:: Aim of the exercise ::
Set down exactly, from the records below, the line with "にんじん、ブロッコリー、キャ" through the line with "Осень-зима 2017-2018. Прейскурант", and nothing else.

:: The records ::
========================
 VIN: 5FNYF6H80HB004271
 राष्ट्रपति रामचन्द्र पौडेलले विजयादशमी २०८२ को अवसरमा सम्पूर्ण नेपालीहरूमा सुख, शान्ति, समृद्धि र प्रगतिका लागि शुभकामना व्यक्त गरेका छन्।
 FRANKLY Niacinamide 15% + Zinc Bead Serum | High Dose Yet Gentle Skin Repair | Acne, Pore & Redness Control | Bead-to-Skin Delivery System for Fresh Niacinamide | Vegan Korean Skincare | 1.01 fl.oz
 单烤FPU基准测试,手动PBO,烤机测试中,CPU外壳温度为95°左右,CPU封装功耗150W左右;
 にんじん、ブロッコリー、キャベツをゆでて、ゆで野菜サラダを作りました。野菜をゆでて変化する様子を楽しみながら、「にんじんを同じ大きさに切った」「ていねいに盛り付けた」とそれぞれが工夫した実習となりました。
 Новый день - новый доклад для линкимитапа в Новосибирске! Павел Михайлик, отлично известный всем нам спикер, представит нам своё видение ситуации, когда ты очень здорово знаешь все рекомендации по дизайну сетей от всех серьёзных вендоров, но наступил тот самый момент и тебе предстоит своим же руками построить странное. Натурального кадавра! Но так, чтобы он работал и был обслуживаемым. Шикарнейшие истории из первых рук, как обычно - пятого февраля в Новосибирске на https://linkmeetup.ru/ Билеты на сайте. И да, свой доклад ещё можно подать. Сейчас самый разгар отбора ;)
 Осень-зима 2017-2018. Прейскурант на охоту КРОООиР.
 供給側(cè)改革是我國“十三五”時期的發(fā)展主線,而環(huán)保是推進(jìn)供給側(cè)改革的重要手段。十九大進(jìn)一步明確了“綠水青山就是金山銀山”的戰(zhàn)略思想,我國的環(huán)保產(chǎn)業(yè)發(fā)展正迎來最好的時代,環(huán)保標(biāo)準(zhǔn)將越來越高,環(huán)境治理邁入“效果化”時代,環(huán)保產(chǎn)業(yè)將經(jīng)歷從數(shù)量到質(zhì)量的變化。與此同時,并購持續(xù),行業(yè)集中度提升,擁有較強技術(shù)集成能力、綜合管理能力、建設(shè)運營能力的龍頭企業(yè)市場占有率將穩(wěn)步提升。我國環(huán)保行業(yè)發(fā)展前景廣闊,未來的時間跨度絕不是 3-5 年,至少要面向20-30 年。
========================
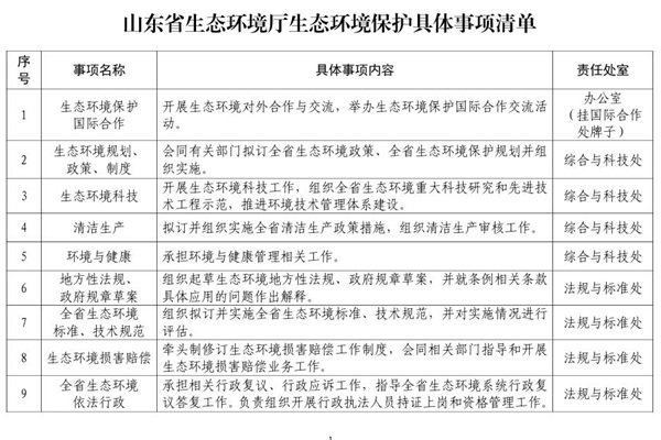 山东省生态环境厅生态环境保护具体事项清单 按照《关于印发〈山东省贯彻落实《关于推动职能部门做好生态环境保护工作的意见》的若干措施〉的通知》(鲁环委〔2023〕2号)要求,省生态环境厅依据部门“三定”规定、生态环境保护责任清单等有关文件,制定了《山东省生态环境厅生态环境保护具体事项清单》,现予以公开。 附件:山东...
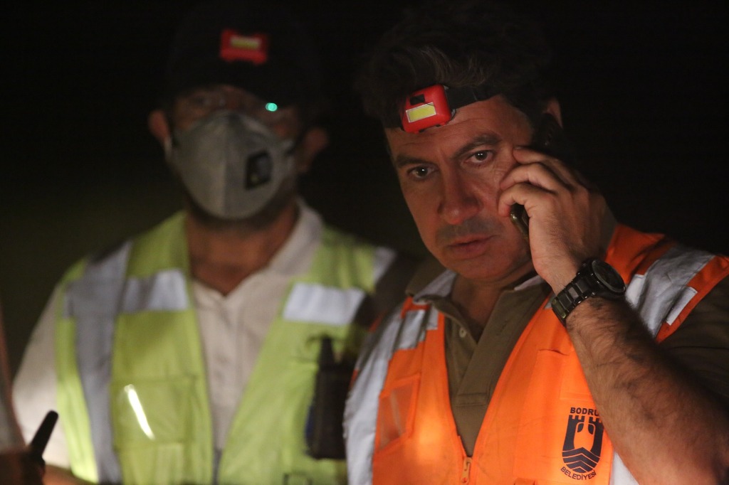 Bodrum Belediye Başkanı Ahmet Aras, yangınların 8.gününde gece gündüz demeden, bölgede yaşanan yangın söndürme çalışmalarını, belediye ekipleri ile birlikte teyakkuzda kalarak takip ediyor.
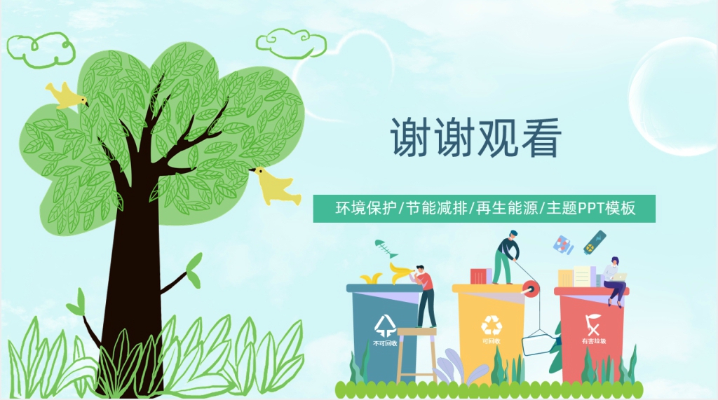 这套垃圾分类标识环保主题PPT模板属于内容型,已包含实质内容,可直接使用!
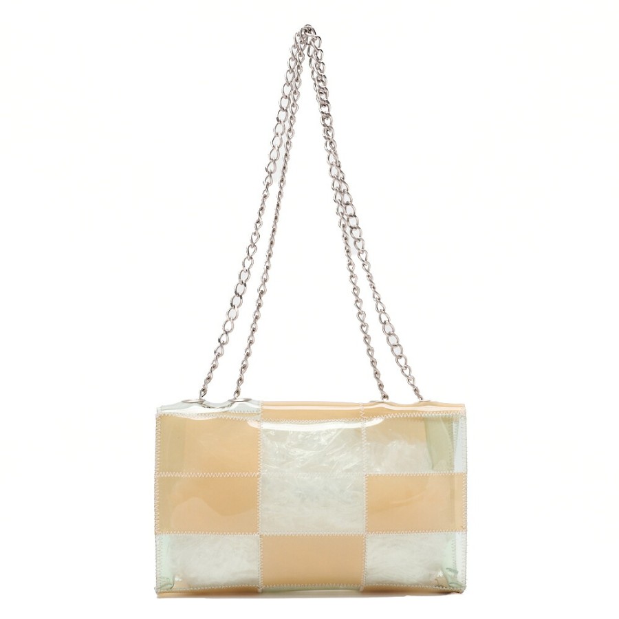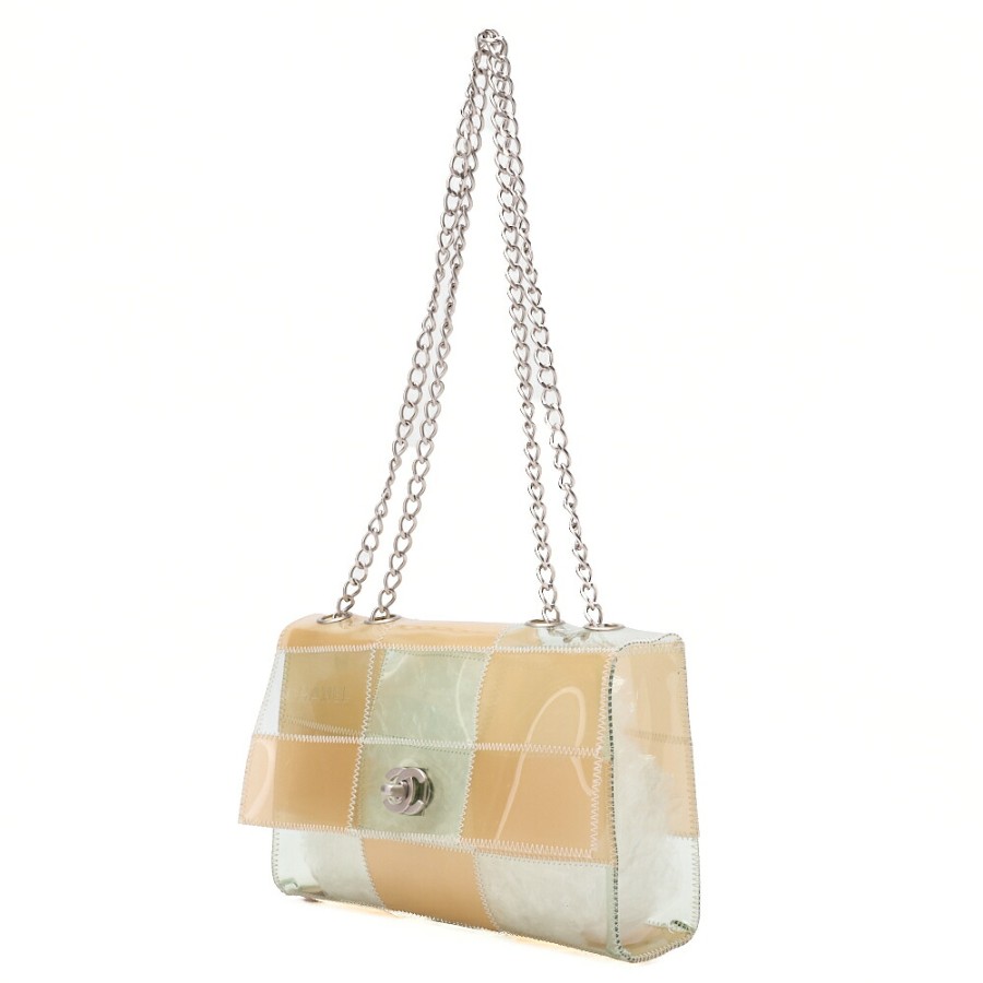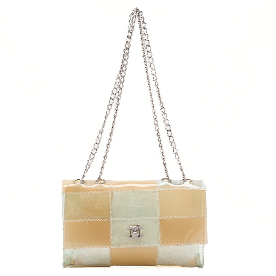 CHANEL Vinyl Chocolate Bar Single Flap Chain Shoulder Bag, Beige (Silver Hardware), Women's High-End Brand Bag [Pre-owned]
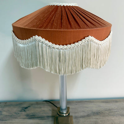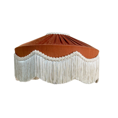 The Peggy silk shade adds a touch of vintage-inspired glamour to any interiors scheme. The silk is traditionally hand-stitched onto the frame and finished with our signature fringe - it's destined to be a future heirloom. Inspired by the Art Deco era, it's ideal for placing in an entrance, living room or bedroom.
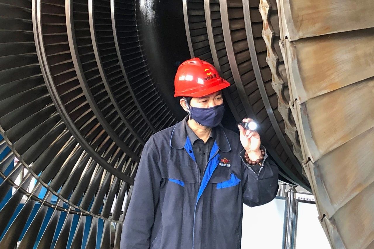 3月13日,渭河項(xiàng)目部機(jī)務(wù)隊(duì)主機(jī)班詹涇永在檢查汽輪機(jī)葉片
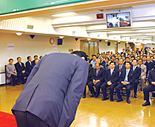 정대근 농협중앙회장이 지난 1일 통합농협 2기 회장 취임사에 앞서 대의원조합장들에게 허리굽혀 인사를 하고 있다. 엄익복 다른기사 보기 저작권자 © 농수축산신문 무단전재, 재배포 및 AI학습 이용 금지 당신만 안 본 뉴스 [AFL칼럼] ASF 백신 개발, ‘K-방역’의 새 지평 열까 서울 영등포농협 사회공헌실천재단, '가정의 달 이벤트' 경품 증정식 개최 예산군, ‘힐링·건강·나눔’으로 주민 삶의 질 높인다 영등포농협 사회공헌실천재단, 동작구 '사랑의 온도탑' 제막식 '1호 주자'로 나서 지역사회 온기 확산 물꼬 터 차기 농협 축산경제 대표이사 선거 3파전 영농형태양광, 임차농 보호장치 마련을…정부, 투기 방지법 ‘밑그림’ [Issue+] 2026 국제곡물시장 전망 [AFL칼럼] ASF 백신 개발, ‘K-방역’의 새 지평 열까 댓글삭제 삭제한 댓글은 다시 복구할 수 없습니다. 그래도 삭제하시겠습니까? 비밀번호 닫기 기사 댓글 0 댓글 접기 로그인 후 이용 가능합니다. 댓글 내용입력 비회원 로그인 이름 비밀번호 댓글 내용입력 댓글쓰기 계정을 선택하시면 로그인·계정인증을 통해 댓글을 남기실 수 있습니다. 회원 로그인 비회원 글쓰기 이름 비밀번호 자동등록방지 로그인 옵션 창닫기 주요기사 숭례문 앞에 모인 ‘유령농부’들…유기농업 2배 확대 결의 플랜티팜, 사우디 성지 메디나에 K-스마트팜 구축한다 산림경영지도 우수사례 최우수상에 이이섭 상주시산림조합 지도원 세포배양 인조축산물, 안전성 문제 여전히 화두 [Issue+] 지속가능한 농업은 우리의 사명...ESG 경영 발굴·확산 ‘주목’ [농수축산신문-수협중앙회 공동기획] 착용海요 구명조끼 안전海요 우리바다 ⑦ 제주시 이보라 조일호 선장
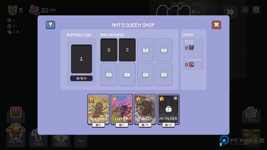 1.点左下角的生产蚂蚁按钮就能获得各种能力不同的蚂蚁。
========================
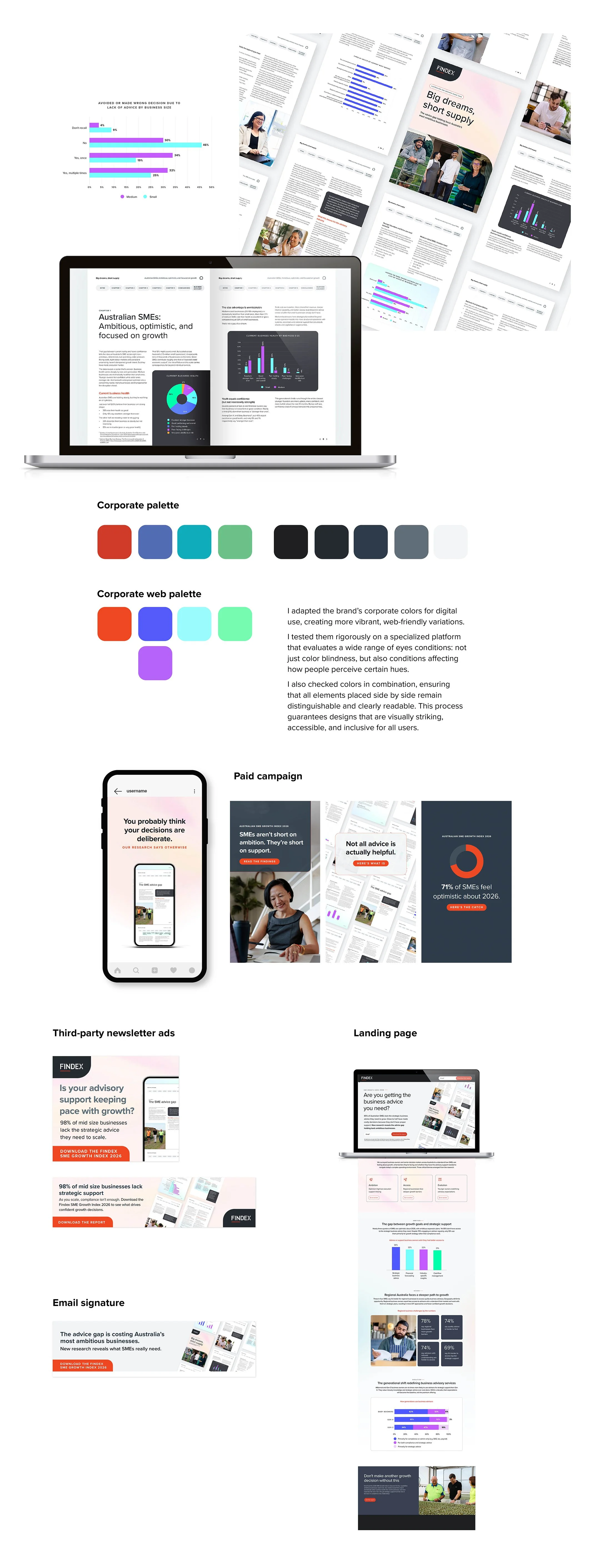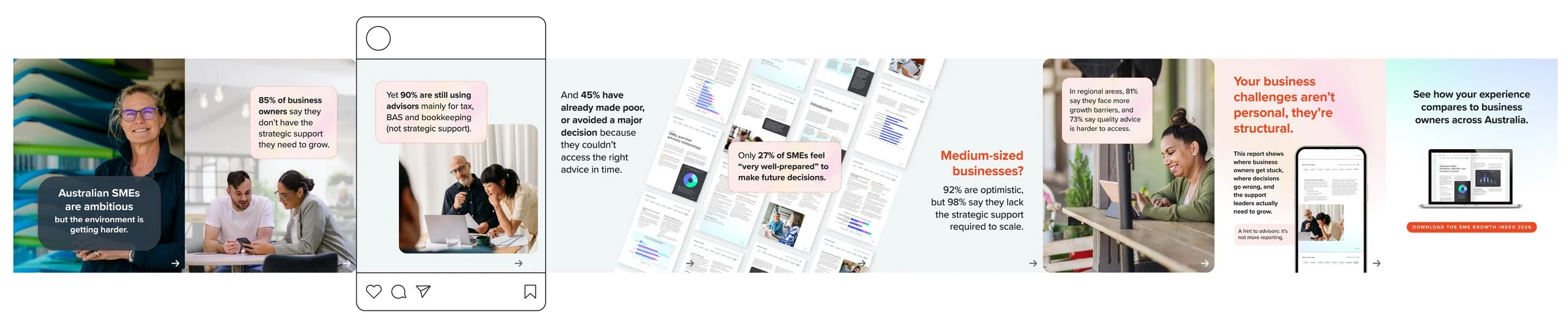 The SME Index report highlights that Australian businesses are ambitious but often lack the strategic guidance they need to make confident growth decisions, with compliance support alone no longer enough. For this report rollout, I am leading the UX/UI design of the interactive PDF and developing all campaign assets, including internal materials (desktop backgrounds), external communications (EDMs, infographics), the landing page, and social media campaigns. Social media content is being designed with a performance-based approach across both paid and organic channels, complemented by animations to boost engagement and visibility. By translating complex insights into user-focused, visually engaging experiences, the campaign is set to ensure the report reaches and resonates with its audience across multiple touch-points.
========================
:: Answer to this problem ::
 にんじん、ブロッコリー、キャベツをゆでて、ゆで野菜サラダを作りました。野菜をゆでて変化する様子を楽しみながら、「にんじんを同じ大きさに切った」「ていねいに盛り付けた」とそれぞれが工夫した実習となりました。
 Новый день - новый доклад для линкимитапа в Новосибирске! Павел Михайлик, отлично известный всем нам спикер, представит нам своё видение ситуации, когда ты очень здорово знаешь все рекомендации по дизайну сетей от всех серьёзных вендоров, но наступил тот самый момент и тебе предстоит своим же руками построить странное. Натурального кадавра! Но так, чтобы он работал и был обслуживаемым. Шикарнейшие истории из первых рук, как обычно - пятого февраля в Новосибирске на https://linkmeetup.ru/ Билеты на сайте. И да, свой доклад ещё можно подать. Сейчас самый разгар отбора ;)
 Осень-зима 2017-2018. Прейскурант на охоту КРОООиР.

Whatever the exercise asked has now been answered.